Allo stesso modo mi paiono ancora estremamente attuali le considerazioni di Postacchini, Ricciotti e Borghesi quando affermano che
Far star “meglio” l’handicappato a scuola, ma anche in ospedale o nei centri di accoglienza, farlo sorridere, farlo interagire è opera meritoria, ma se non si esce da questa genericità hanno buon gioco quanti si chiedono dove stia esattamente, nella Musicoterapia, il confine tra educazione e terapia, e in quale dei due ambiti debba essere inserito l’apprendimento di comportamenti più adeguati. (Postacchini, Ricciotti e Borghesi 1997, p. 58).

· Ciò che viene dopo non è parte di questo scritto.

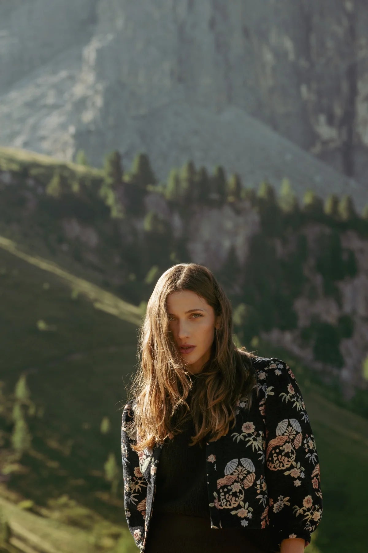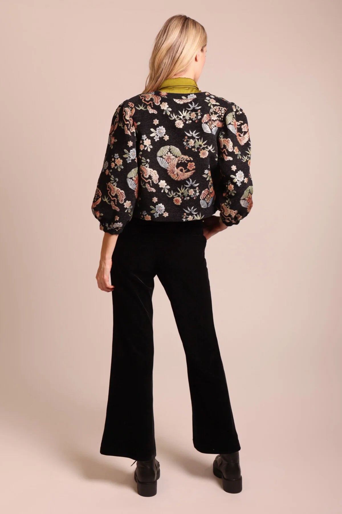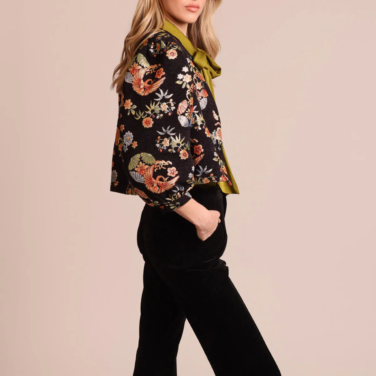 This cropped jacket combines a modern boxy fit with statement puffy sleeves, bringing effortless style to your autumn and winter wardrobe. Finished with delicate floral metallic embroidery, it adds a soft shimmer that catches the light beautifully. With an open front and no fastenings, it's perfect for easy layering and lends a relaxed yet standout feel to any look.

Da questo punto di vista anche definizioni come quelle di Musicoterapia “ricreativa”, “partecipativa” o “compartecipata”, o ancora Musicoterapia “di coinvolgimento”, “di condivisione”, “di solidarietà” o “di comunità” indicano contesti che paiono essere del tutto afferenti al mondo dell’educazione. Per cui non si vede l’esigenza di chiamarli con nuove espressioni[7] nel momento in cui i propri obiettivi siano
incrementare le possibilità di azione dell’individuo, [ad] incoraggiare la partecipazione, le relazioni e lo sviluppo del singolo tenendo in considerazione i suoi bisogni culturali e sociali, il suo essere inserito all’interno di uno specifico contesto con il quale quotidianamente interagisce […], unire il divario tra gli individui e le comunità creando uno spazio comune per un far musica e mostrare le abilità e il valore artistico e umano. (Caneva, Mattiello 2018, p. 24)
La Musicoterapia potrà dichiararsi tale quando chiarisca per ogni intervento il contesto e le finalità, individuando principalmente in questi due fattori i tratti pertinenti e dirimenti fra un approccio che rimane educativo ed uno terapeutico:
La disciplina musicoterapica molto spesso viene confusa e mescolata con attività musicali o pensata solo in relazione a momenti di rilassamento: capita infatti di leggere il termine “Musicoterapia” in aree-benessere, o in contesti che tutto sono tranne che terapeutici. Per poter parlare di percorso terapeutico è necessario stabilire una presa in carico; un progetto chiaro, con frequenza e durata specifiche e basato su evidenze scientifiche; un setting definito; obiettivi da raggiungere e da valutare: si determina in ciò la Musicoterapia. (Nobili, in Bertazzoni, Filippa, Rizzo, 2019, pp. 153-175).
In questa prospettiva il concetto di setting è fondamentale, e in Musicoterapia consiste in una cornice spazio-temporale (luogo, tempi, oggetti, strumenti, regole, comportamenti) che va progettata con cura e che rappresenta “la condizione necessaria affinché si possa parlare di psicoterapia e di arteterapia” (Vizzano 2009, p. 52; Chiappetta Cajola, Rizzo 2016, pp. 118-119). Ci sono consolidate esperienze, osservazioni, riflessioni sul ruolo e le opportunità del setting che lo propongono come un contesto progettato per l’osservazione di quanto accade al suo interno, contenitivo e protettivo, regolato e flessibile allo stesso tempo, condizioni difficilmente realizzabili all’interno dei contesti scolastici[8].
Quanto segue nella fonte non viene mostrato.